# Scottish Independance



## ag (Sep 12, 2002)

Am I the only person that thinks that with Numbers 10 and 11 Downing Street being occupied by Scotsmen, that the proposed referendum should really be about the independance of England & Wales from Scotland and not vice-versa?

Whilst not all of the country's woes can be laid directly at Gordon's door, although some are specifically his fault, his inability to deal with problems with a liberal dose of Mea Culpa & a truck load of utter bullsh1t like his predecessor, whilst admirable, makes him look weak in comparison.


----------



## saint (Dec 6, 2002)

You've got two differing issues there.

Independance for Scotland - ah the old chesnut. Until the oil/gas runs out it'll never happen.

And poor Wales always getting lumbered along with England..... bet it regrets being a principality.

What England should do is push for more local government, similar to what is happening in Scotland and Wales, along the lines of what the NE wants.

Bloated central government trying to make local area decision is madness.


----------



## skydiver (Oct 12, 2006)

saint said:


> You've got two differing issues there.
> 
> Independance for Scotland - ah the old chesnut. Until the oil/gas runs out it'll never happen.
> 
> ...


Good points.

I am getting increasingly angered by Gordon Browns poor performance. I really thought he would step up to the plate but he has not.

The fact he is Scottish should NEVER be brought into the equation. It seems to me the fact he is doing a bad job is linked to the fact he is Scottish and he must be doing that on purpose...... yeah right he is just not good enough to be PM.


----------



## garyc (May 7, 2002)

..agreed GB is incompetent, uncharismatic, unpopular, and is effectively leading new labour out of power. Being Scottish is irrelevant, although my Scottish friends do have my sympathy that such a prat as GB is in some way seen as typifying 'being Scottish'.

What is needed is a union where Scottish, Welsh and English members can only sit in ONE parliament/assembly (preferably their own country's) and not on two as some are currently permitted.


----------



## BreTT (Oct 30, 2002)

garyc said:


> Being Scottish is irrelevant


Agreed - Tony Blair was born in Edinburgh too. So what?



garyc said:


> What is needed is a union where Scottish, Welsh and English members can only sit in ONE parliament/assembly (preferably their own country's) and not on two as some are currently permitted.


Absolutely agree - it is a nonsense to be able to sit in both.


----------



## ag (Sep 12, 2002)

I was only joking. To be perfectly honest I don't care who is in government as long as they represent the views of the people that put them there. Brown and Badger's bungling of the budget shows that they don't even know who put them in power, let alone care. I totally agree that their lack of competence in their current roles is absolutely nothing to do with their genes or upbringing and everything to do with being arrogant, innumerate and deaf to their electors.

I actually thought that Gordon would be a refreshing change to Lionel and his mysterious world of spin and bullshit. Oh, was I ever wrong. Blair was all style and absolutely no substance, Gordon is no style and, apparently, no substance either.

And now we have Boris as Mayor of London. At this rate I will be looking back on the Pre-Iraq New-Labour days as halcyon times.


----------



## chrisabdn (Aug 15, 2007)

i was all set to get my claymore out and start swinging when i read this thread at first, but it's good to laugh at one's self too from time to time.

the fact that the people who have recently been making a mess of our currently are scottish is irrelevant ... the english have a far greater history of doing much worse, i guess it's just more galling when it's not one of your own. remember the scottish have had to suffer years of anglocentric english rule, so don't expect us to feel too sorry for you if things aren't entirely to your liking for a few years compared to a few centuries.
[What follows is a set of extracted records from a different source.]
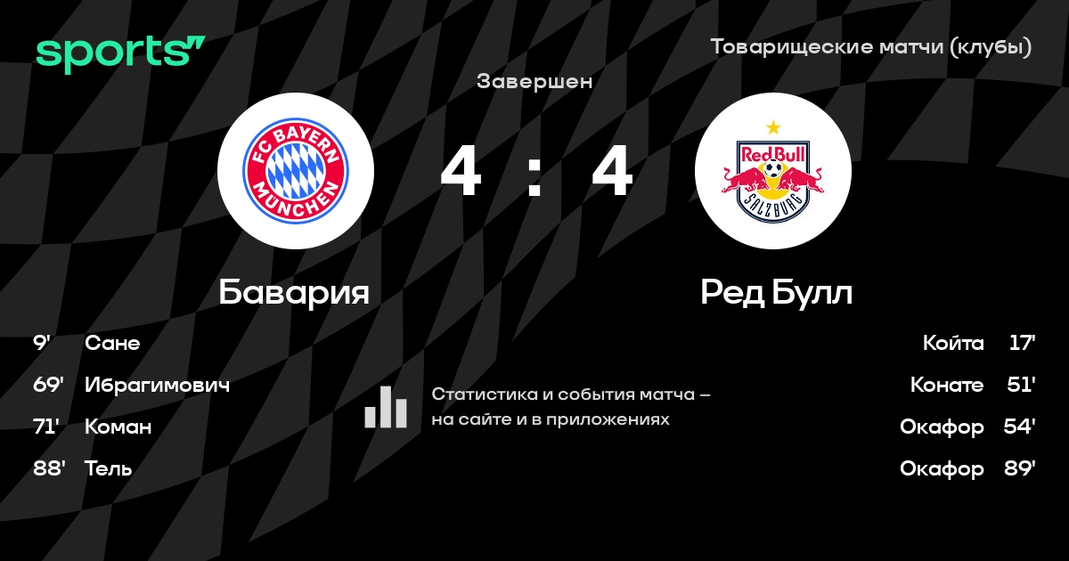 Ульрайх - Дэвис, Упамекано, Павар, Станишич - Гнабри, Киммих, Гравенберх, Мусиала, Сане - МюллерЗапасные: Шенк, Блинд, Бухманн, Ибрагимович, Забитцер, Ваннер, Звонарек, Коман, Кабадайы, Тель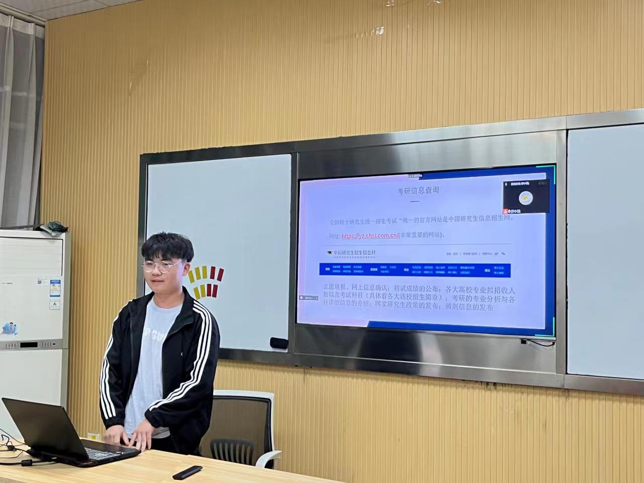 在本次考研分享会中雷衍文就近年考研的报名人数为同学们分析了当下的考研形势,及在择校择专业和考研过程中一些常见的问题。就考研过程中重要的时间线分享了他考研时的专业课复习计划表,以及专业课考试的题型和知识点,并将总结的知识点与同学们进行分享,同学们表示收获良多。陆治中就考研英语和政治两方面,向同学们推荐了优质的考研资料,分享了在复习过程中应该注意的时间节点,及如何逐个击破英语和政治的各大题型的方法。吴明治则从自身优势出发,向同学们讲述了考研数的题型组成和分数占比,就数学的备考规划分享了每个阶段应该明确的目标。在答疑环节,同学们就考研复习过程中的疑惑踊跃提问,三位同学结合自身情况分别进行解答。最后,三位同学对正在准备考研的同学们送出了最真挚的祝福。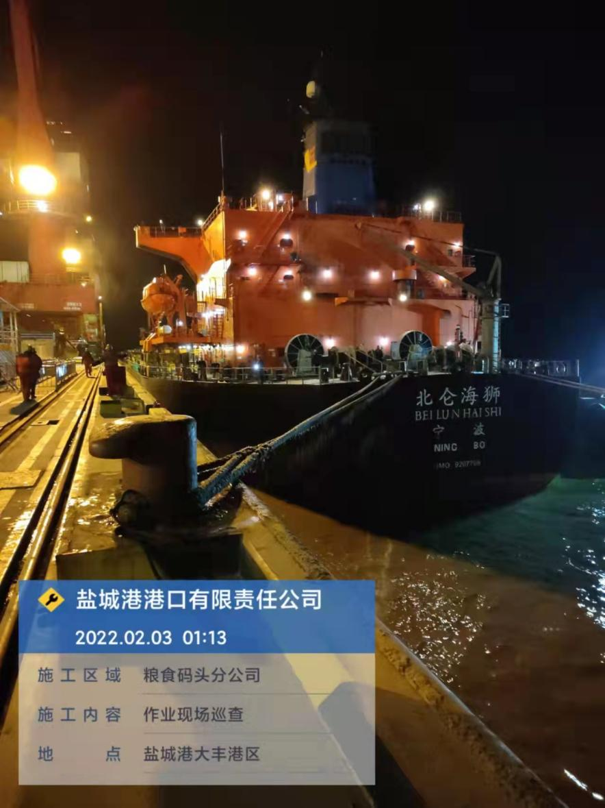 农历正月初三,a片免费看大丰港区港口公司码头共停泊4条外贸船作业,公司安全管理人员进行了24小时不间断巡查。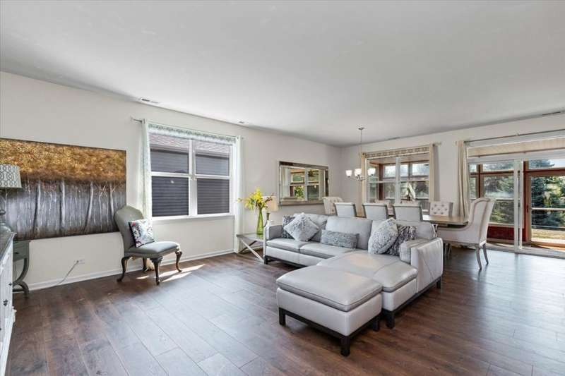 This inviting corner ranch offers the ease of single-story living in the desirable Wentworth neighborhood of Gurnee. With 2 bedrooms plus a versatile den/flex room, the home provides options for a private office, nursery, or hobby space. The open floor plan creates a seamless flow between the living, dining, and kitchen areas, filled with natural light from large windows and sliding doors. The kitchen is a true centerpiece, featuring a generous island and walk-in pantry, while the adjacent laundry room adds everyday convenience. The spacious primary suite is a retreat of its own, boasting a luxurious bath with double vanity, soaking tub, separate shower, and an enviable 10x12 walk-in closet, plus an additional smaller walk-in closet for even more storage. A three-season room opens to a block-paver patio and tree-dotted yard, perfect for both quiet mornings and relaxed entertaining.Additional highlights include a 2-car garage and the low-maintenance lifestyle provided by the HOA, covering landscaping and snow removal. Ideally located just 2 miles from shopping, dining, Gurnee Mills, and highways 94 and 120, this move-in ready home combines comfort, privacy, and convenience in a welcoming community.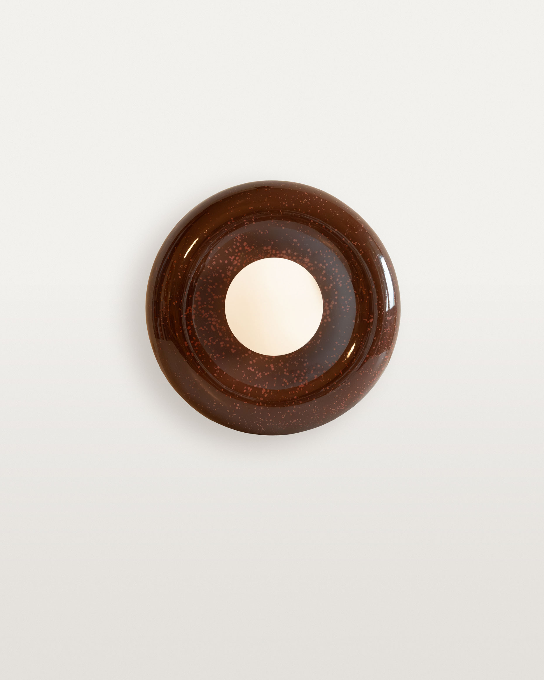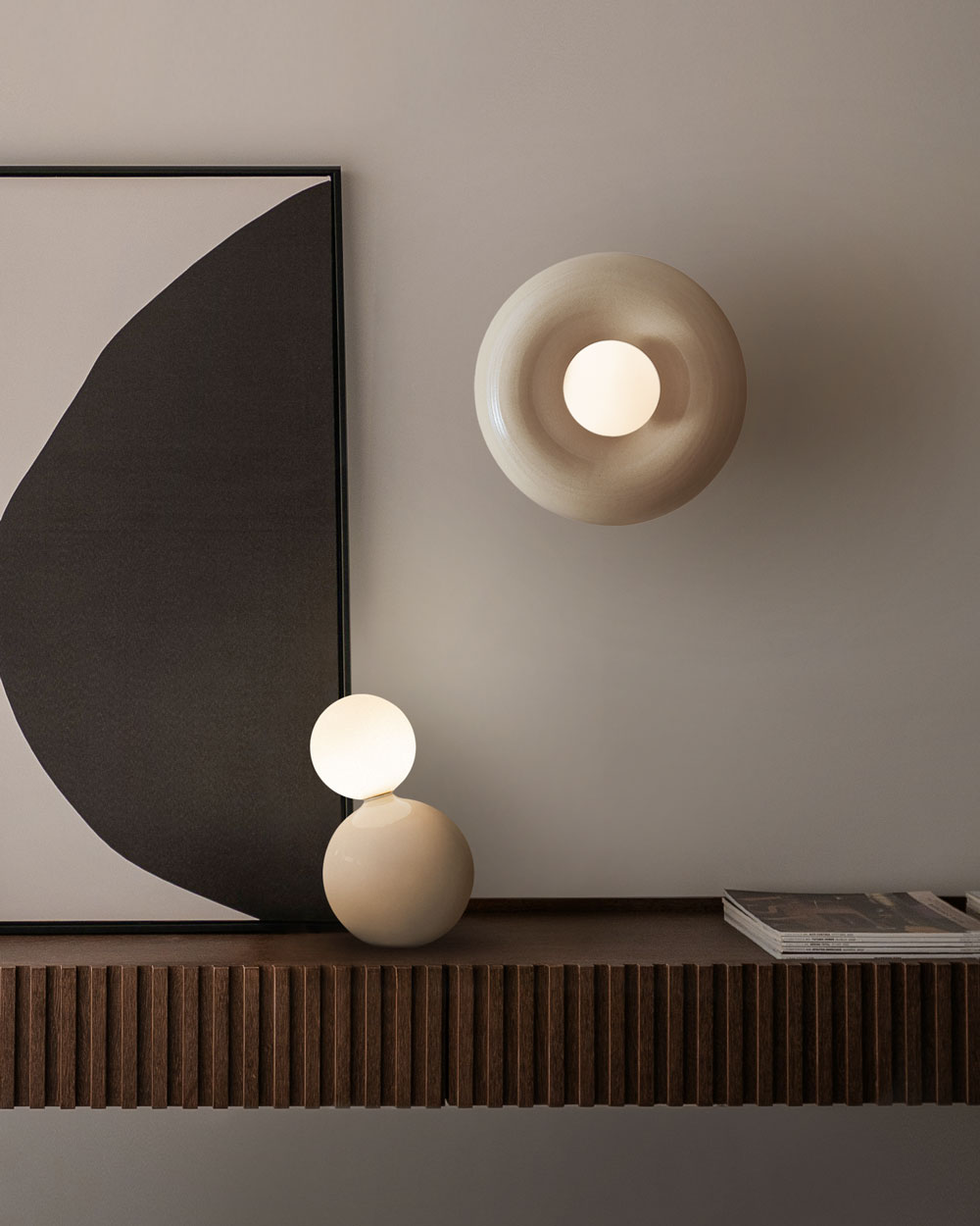 Die handgefertigte Keramik-Wandlampe Orbis vereint präzise Formgebung mit ausgewogener Lichtwirkung. Ihre ringförmige Silhouette erzeugt ein weiches, gleichmässiges Licht, das Wände und Räume subtil inszeniert, ohne zu dominieren.

i think it's a great thing that scotland and wales have their devolved parliaments ... whether england needs such a thing remains to be seen, but it'd probably just an unecessary expense ... what should be the case is that only english mps should vote on english issues, but i believe that's the defacto status more or less already.

for the record, tony blair was a scot and i don't think he was all bad, far better than leaving the tories in charge, but he did blot his copybook and that's a shame ... gordon brown has been one our best chancellors, but even in that capacity he's done some terrible things ... now he's prime minister he's evidently not up to the job, which is disappointing as many had high hopes for him ... he could have ridden the anti-blair wave and built up a head of steam, but the man can't surf and that's plainly evident ... he's not use, but that's got feck all to do with him being scottish, and everything to do with him just being another feckless politician in a role that's far too big for him.


----------



## garyc (May 7, 2002)

chrisabdn said:


> i was all set to get my claymore out and start swinging when i read this thread at first, but it's good to laugh at one's self too from time to time.
> 
> the fact that the people who have recently been making a mess of our currently are scottish is irrelevant ... *1. the english have a far greater history of doing much worse, i guess it's just more galling when it's not one of your own. * remember the scottish have had to suffer years of anglocentric english rule, so don't expect us to feel too sorry for you if things aren't entirely to your liking for a few years compared to a few centuries.
> 
> i think it's a great thing that scotland and wales have their devolved parliaments ... whether england needs such a thing remains to be seen, but it'd probably just an unecessary expense ...* 2. what should be the case is that only english mps should vote on english issues, but i believe that's the defacto status more or less already.*for the record, tony blair was a scot and i don't think he was all bad, far better than leaving the tories in charge, but he did blot his copybook and that's a shame ... gordon brown has been one our best chancellors, but even in that capacity he's done some terrible things ... now he's prime minister he's evidently not up to the job, which is disappointing as many had high hopes for him ... he could have ridden the anti-blair wave and built up a head of steam, but the man can't surf and that's plainly evident ... he's not use, but that's got feck all to do with him being scottish, and everything to do with him just being another feckless politician in a role that's far too big for him.


1. Don't confuse happily managed oppression with mis-management of economy and counyt's internal/external affairs. :wink:

2. This is not the case. Plenty of dual voting takes place.

GBs days were always numbered with the poison challice TB dealt him, but he has made it many times worse for himself and moreover the UK as a whole.

Spending Â£2 billion yesterday (well borrowing actually) to 'buy' the Nantwich Bi-Election to cover over the 10p tax rate issue debacle, will also bite him in the arse.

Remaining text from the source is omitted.